First published: Summer 2023
The doors have opened to Cincinnati Art Museum’s current show “Creating Connections: Self-Taught Artists in the Rosenthal Collection”. Here, Richard Rosenthal talks to curator Julie Aronson
JA: How did you become interested in art?
RR: Art as well as arts, plural. Entirely my mother. My five siblings and I had little choice... we were surrounded by it. I played the violin. My mother was a wonderful pianist. We were taken to plays, concerts, and my brothers and I were in a Saturday-morning studio programme at the Cincinnati Art Museum when we were very young kids. We weren’t very good at it but appreciating art versus making it has always been something that I have loved.
Ned Cartledge, Hell Ain’t Half Full, 1986, carved and painted wood, 33.5 x 17.5 in. / 85 x 44 cm
When and how did you start collecting?
My late wife Lois and I started collecting shortly after we were married in the mid- to late 1960s. The first thing we collected was painted American furniture. That morphed into Shaker furniture ... That then somehow morphed into folk art of the Grandma Moses type, which moved right on over about 15 years ago to outsider folk art or art brut.

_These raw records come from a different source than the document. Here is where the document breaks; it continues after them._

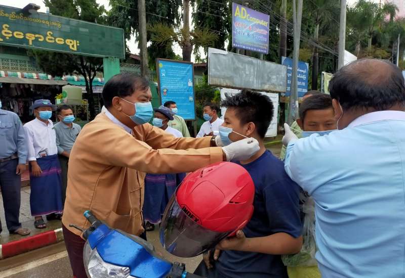 ကရင်ပြည်နယ်၊ မြဝတီမြို့တွင် ကိုဗစ် - ၁၉ ရောဂါ ဒုတိယလှိုင်းကြိုတင်ကာကွယ်ရေး၊ ပြည်သူများ ရောဂါပြန့်ပွားမှုမရှိစေရေးအတွက် နှာခေါင်းစည်းများ အခမဲ့ဖြန့်ဝေခြင်းကို ယမန်နေ့နံနက်ပိုင်းက မြဝတီမြို့ဘုရင့်နောင်ဈေးရှေ့၌ ဆောင်ရွက်ခဲ့သည်။
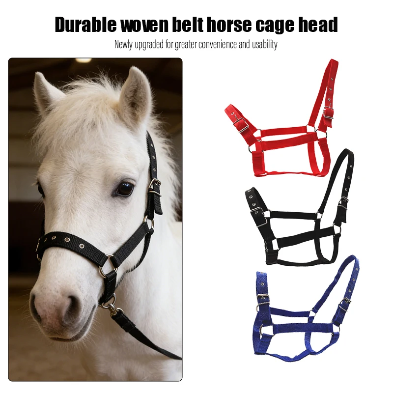 Adjustable Horse Halter, Equestrian Tack Halter with Lead Rope & Reins, Pony Size Adjustable Halter Rope, Horse Tack Accessories
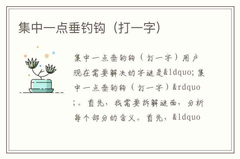 用户现在需要解决的字谜是“集中一点垂钓钩(打一字)”。首先,我需要拆解谜面,分析每个部分的含义。
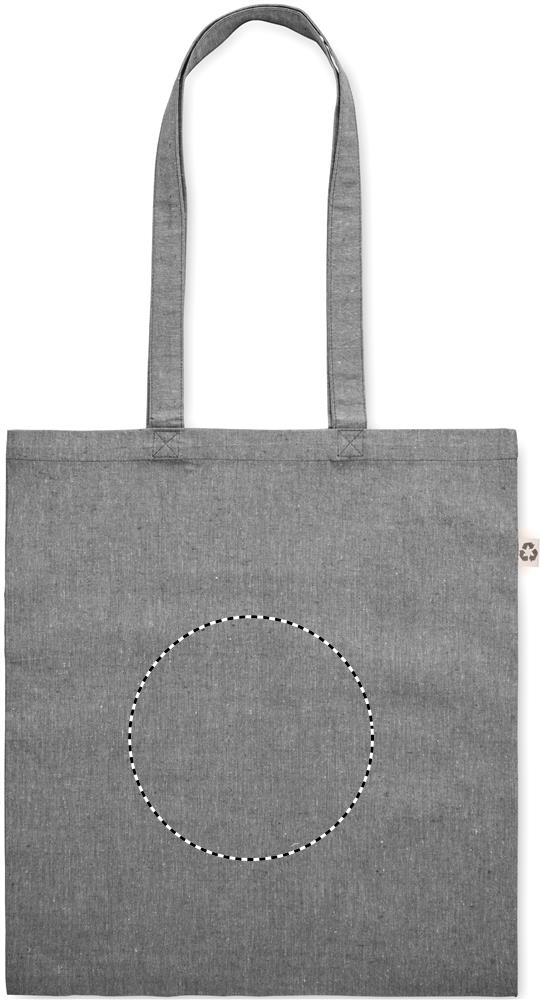 Tygkassae i återvunnen bomull (80 % återvunnen bomull, 20 % bomull) med långa handtag. 140 gr/m².
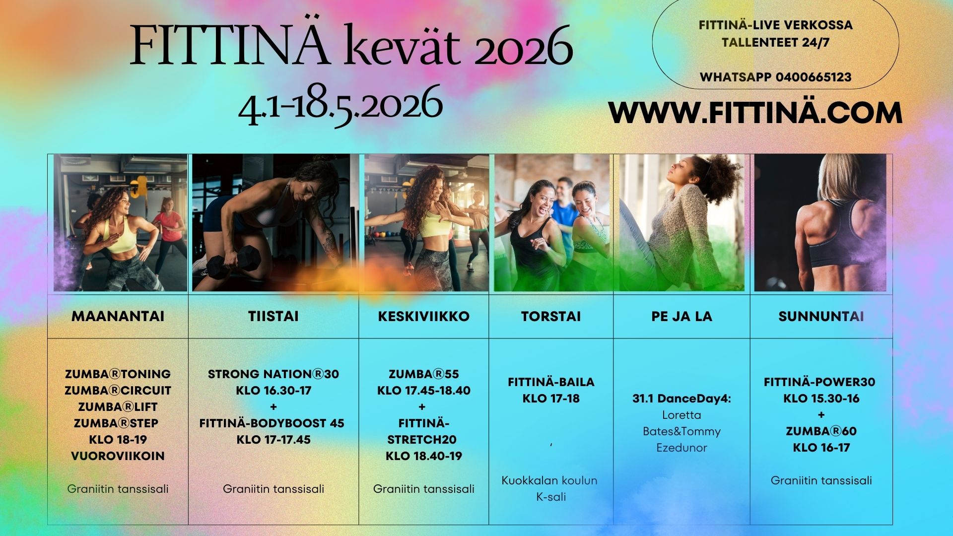HUOMIOITHAN, että Tiina voi pitää lomaa silloin tällöin, jolloin tunteja ei ole TAI TIINALLA ON SIJAINEN. Lisäksi jos Tiina sairastuu, tai on joku muu pakollinen poissaolo, ei tuntia ole. Samoin, jos jollakin tunneilla ei käy riittävästi jumppareita, voidaan tunti lopettaa. Liity Whatsapp-ryhmään 0400665123, niin saat nopeimmin tiedon kaikesta. Peruutukset ja muutokset kannattaa tsekata myös ajankohtaista linkistä.
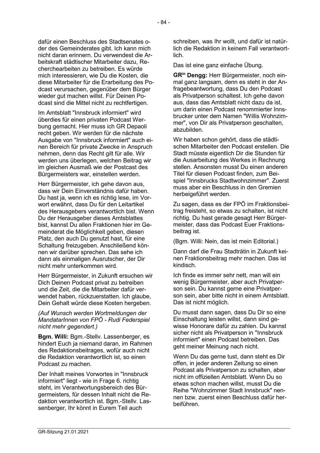 GRin Dengg: Herr Bürgermeister, noch einmal ganz langsam, denn es steht in der Anfragebeantwortung, dass Du den Podcast

Mary K Borkowski, Toil, Strength, and Devotion, 1973, hand stitching with silk thread on velvet, 29.5 x 20 in. / 74.5 x 51 cm
I know that you do like nineteenth-century things...
Yes, especially furniture. But the focus of the collection is contemporary... in time made, rather than appearance.
How do you define your collection? Do you put parameters on it?
I really don’t. We collected things to which we had an almost immediate response. Our rule for collecting was that, if Lois and I both just loved whatever it was – and it wasn’t totally outside what we could afford – we’d buy it. If one of us loved it and the other was not sure, we would likely buy it, but it would be located somewhere near the person who loved it. In my case, my office.
Beyond that, there are some pieces by Dubuffet which, although he is not a self-taught or folk artist, I love because I want to honour that he legitimised the field. He said, “Wait a minute, this is great art. It’s communicating a message in a very unique and representative way.” And boom! Because of his reputation, his opinion was heard and accepted. His work is a connector for me – to have him on the walls of my home and to have a variety of his work – because his art was immensely eclectic.
Unidentified American artist, All We Ask Is a Fair Trial, late 19th–early 20th century, oil on canvas mounted on wood panel, 46 x 36 in. / 117 x 91.5 cm
Have there been advisors or mentors who have helped you along the way, informing the collection?
Early on, I bought a number of pieces of folk art from Jay Johnson’s America’s Folk Heritage Gallery in Manhattan. Jay helped at that time to fashion the collection. One other influencer was Laurent Danchin. He was the European editor for Raw Vision magazine and lived in France. We took a number of trips with him to artists’ studios in and around Paris, and he opened up new worlds of work by artists from that part of the world.